Start of Block

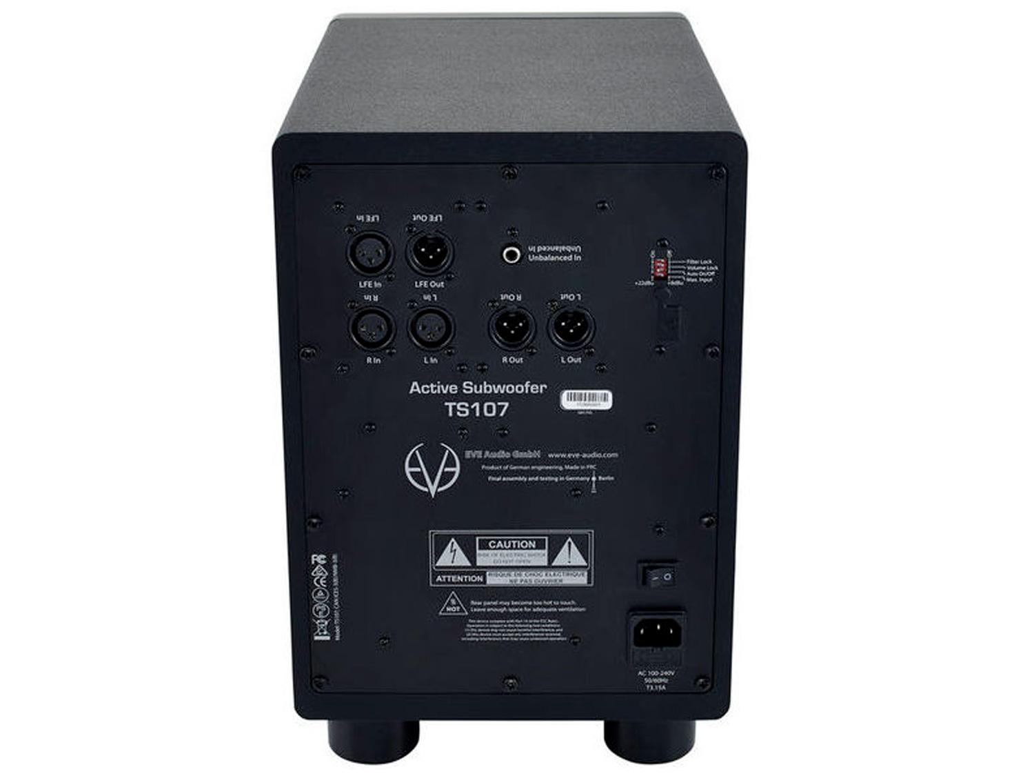Tutti i subwoofer ThunderStorm hanno minuziosi comandi come filtri dei satelliti commutabili (full range e 80Hz), switch di fase (0°, 180°) e frequenza dei filtri subwoofer variabile (60 - 140Hz) per regolare il vostro ThunderStorm a misura di uno specifico ambiente. Il TS107 è il modello più piccolo della gamma dei subwoofer EVE audio e dispone di un amplificatore PWM da 100W molto efficiente che spinge un Woofer proprietario da 6,5​​". Ciò garantisce una risposta in frequenza da 36Hz fino a 300Hz, per una potenza massima di 102dB (SPL @ 1m). Il telecomando in dotazione consente di regolare non solo il volume del subwoofer, ma anche il volume del sistema stereo completo, stando comodamente seduti nella vostra posizione ottimale. Come tutti i subwoofer EVE Audio, è dotato di ingressi e uscite XLR bilanciate (Stereo In e Out, LFE in, LFE/Sub out) per una maggiore comodità.
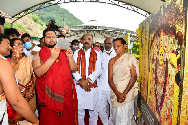 విజయవాడ, అక్టోబరు 29 (ఆంధ్రజ్యోతి) : విశాఖ శారదా పీఠం ఉత్తరాధికారి స్వాత్మానందేంద్ర సరస్వతిస్వామి శుక్రవారం ఇంద్రకీలాద్రిపై దుర్గమ్మను దర్శించుకున్నారు. మంత్రి వెలంపల్లి శ్రీనివాసరావు, ప్రిన్సిపల్ సెక్రటరీ డాక్టర్ జి.వాణీమోహన్, దుర్గగుడి ఈవో భ్రమరాంబ, పాలకమండలి చైర్మన్ పైలా సోమినాయుడు, వైదిక కమిటీ సభ్యులు ఆలయ మర్యాదలతో స్వామికి స్వాగతం పలికారు. స్వామీజీ అమ్మవారిని దర్శించుకుని ప్రత్యేక పూజలు నిర్వహిం చారు. అనంతరం మీడియాతో మాట్లాడుతూ దేశం సుభిక్షంగా ఉండాలని, ప్రజలు సుఖసంతోషాలతో జీవించేలా ఆశీర్వదించాలని అమ్మవారిని కోరుకున్నానన్నారు. అనంతరం ఘాట్రోడ్డులో దుర్గమ్మ చరిత్రను వివరించే ఆగ్మెంటెడ్ రియాలిటీ చిత్రాలను స్వాత్మానందేంద్ర స్వామి ప్రారంభించారు.
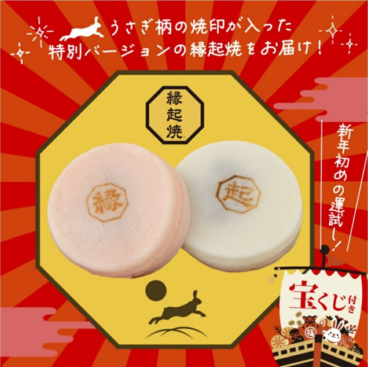 その1.⼤阪の新名物「縁起焼」うさぎ柄の焼印付き ※後⽇⾃宅に配送
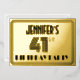 The front of this 1920s/1930s style inspired forty-first birthday celebration foil invitation card design features a custom name, a fancy art deco style inspired number “41st”, the message “BIRTHDAY PARTY”, and a multi-line border. The back features personalized details about the event, such as the date, time, venue, and any other information that may be important. Stylish, luxurious, customized invitations like these might be used to invite attendees to a birthday gathering/party being held to honour somebody’s 41st birthday. [~Z0000594]

End of Block

Leave out every picture, and copy exactly the lines from the line that contains "その1.⼤阪の新名物「縁起焼」うさぎ柄の焼印付き ※後⽇⾃宅に配送" through the end of the material.

Answer area:
 その1.⼤阪の新名物「縁起焼」うさぎ柄の焼印付き ※後⽇⾃宅に配送
 The front of this 1920s/1930s style inspired forty-first birthday celebration foil invitation card design features a custom name, a fancy art deco style inspired number “41st”, the message “BIRTHDAY PARTY”, and a multi-line border. The back features personalized details about the event, such as the date, time, venue, and any other information that may be important. Stylish, luxurious, customized invitations like these might be used to invite attendees to a birthday gathering/party being held to honour somebody’s 41st birthday. [~Z0000594]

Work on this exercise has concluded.